There are three major editions* of vSAN 6.6 available – “Standard”, “Advanced”, and “Enterprise”- so other than price what’s the difference between the three?
*aside from the “vSAN for Desktop” and “vSAN for ROBO” lines which address specific use cases- look out for later posts focusing on these.
Standard is the base offering and, like it’s more expensive cousins, is licensed per socket the same way that vSphere is- so a dual-socket host needs two licenses for vSphere and two licenses for vSAN. This edition gives you all the core features of the VMware software-defined storage platform; distributing VM storage across the converged hosts, supporting iSCSI access for non-virtualised workloads, and using Storage Policy-Based management to name a few.

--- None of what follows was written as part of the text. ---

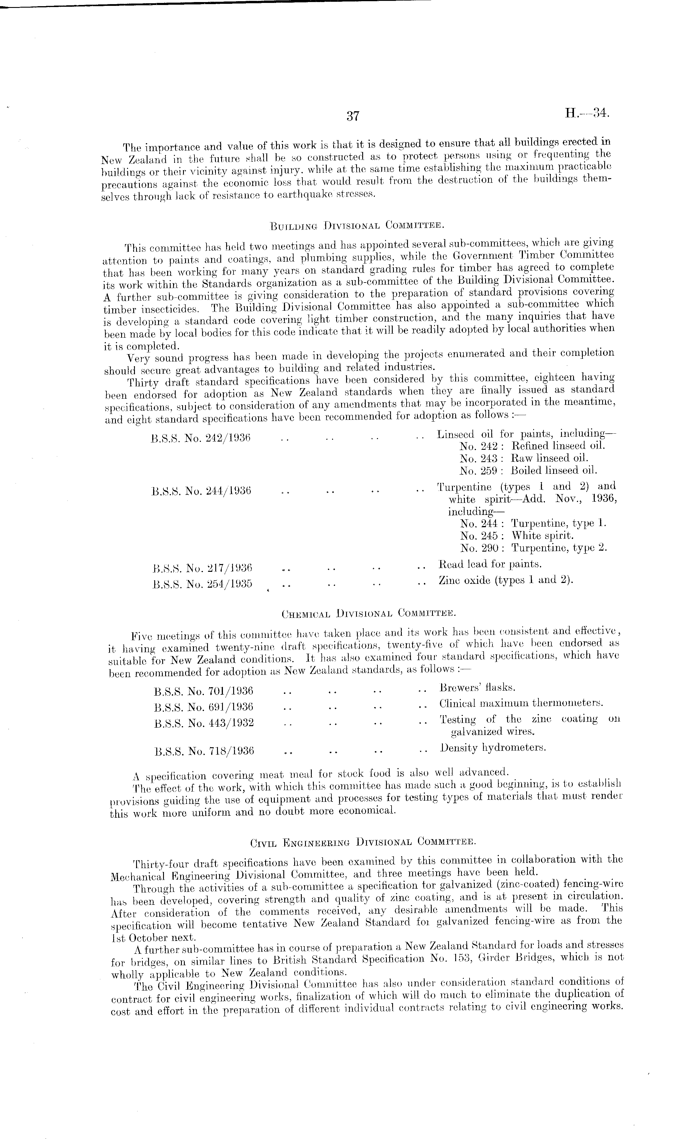 The importance and value of this work is that it is designed to ensure that all buildings erected in New Zealand in the future shall be so constructed as to protect persons using or frequenting the buildings or their vicinity against injury, while at the same time establishing the maximum practicable precautions against the economic loss that would result from the destruction of the buildings themselves through lack of resistance to earthquake stresses. Building Divisional Committee. This committee has held two meetings and has appointed several sub-committees, which are giving attention to paints and coatings, and plumbing supplies, while the Government Timber Committee that has been working for many years on standard grading rules for timber has agreed to complete its work within the Standards organization as a sub-committee of the Building Divisional Committee. A further sub-committee is giving consideration to the preparation of standard provisions covering timber insecticides. The Building Divisional Committee has also appointed a sub-committee which is developing a standard code covering light timber construction, and the many inquiries that have been made by local bodies for this code indicate that it will be readily adopted by local authorities when it is progregg hag been made in developing the projects enumerated and their completion should secure great advantages to building and related industries. Thirty draft standard specifications have been considered by this committee, eighteen haying been endorsed for adoption as Now Zealand standards when they are finally issued as standard specifications, subject to consideration of any amendments that may be incorporated in the meantime, and eight standard specifications have been recommended for adoption as follows BS S No 242/1936 .. . ■ • • • • Linseed oil for paints, including — ' ' No. 242 : Refined linseed oil. No. 243 : Raw linseed oil. No. 259 : Boiled linseed oil. BSS No 244/1936 Turpentine (types 1 and 2) and ' white spirit—Add. Nov., 1936, including — No. 244 : Turpentine, type 1. No. 245 : White spirit. No. 290 : Turpentine, type 2. B.S.S. No. 217/1936 .. • • • • • • Read lead for P aints - B.S.S. No. 254/1935 < . • • • • • • zinc oxide (^P OB 1 and 2 )- Chemical Divisional Committee. Five meetings of this committee have taken place and its work has been consistent and effective, it having examined twenty-nine draft specifications, twenty-five of which have been endorsed as suitable for New Zealand conditions. It has also examined four standard specifications, which have been recommended for adoption as New Zealand standards, as follows . B.S.S. No. 701/1936 .. •• •• •• Brewers'flasks. BSS No 691/1936 .. •• •• •• Clinical maximum thermometers. BSS No 443/1932 .. •• •• •• Testing of the zinc coating on galvanized wires. B.S.S. No. 718/1936 .. . • • • • • Density hydrometers. A specification covering meat meal for stock food is also well advanced. The effect of the work, with which this committee has made such a good beginning, is to establish provisions guiding the use of equipment and processes for testing types of materials that must render this work more uniform and no doubt more economical. Civil Engineering Divisional Committee. Thirty-four draft specifications have been examined by this committee in collaboration with the Mechanical Engineering Divisional Committee, and three meetings have been held. Through the activities of a sub-committee a specification tor galvanized (zinc-coated) fencing-wire has been developed, covering strength and quality of zinc coating, and is at present in circulation. After consideration of the comments received, any desirable amendments will be made. This specification will become tentative New Zealand Standard foi galvanized fencing-wire as from the \ further sub-committee has m course of preparation a New Zealand Standard for loads and stresses for bridges, on similar lines to British Standard Specification No. 153, Girder Bridges, which is not wholly applicable to New Zealand conditions. The Civil Engineering Divisional Committee has also under consideration standard conditions of contract for civil engineering works, finalization of which will do much to eliminate the duplication of cost and effort in the preparation of different individual contracts relating to civil engineering works.

Advanced, the next edition up the scale, gives benefits to vSAN platforms built on All-Flash. A vSAN host can be configured as “Hybrid” or “All-Flash”, hybrid uses spinning disks- HDD – for the capacity tier and flash disks for the cache tier. If your hardware uses the Hybrid model then there’s no advantage to using the Advanced edition as the additional features are only applicable to All-Flash configurations.
However, the Advanced edition provides major features which may tip the balance in the favour of the all-flash design when choosing a hardware platform, namely Erasure Coding, Deduplication, and Compression.
Deduplication (storing matching blocks of data only once), compression (using an algorithm to compress data), and erasure coding (basically arranging the data in a similar way to a RAID5/6 model but across hosts) are all features which can be used to reduce the amount of physical disk consumed by the data. Less space consumed = lower disk requirements = lower costs. More detailed information on vSAN Space Efficiency can be found in the VMware docs.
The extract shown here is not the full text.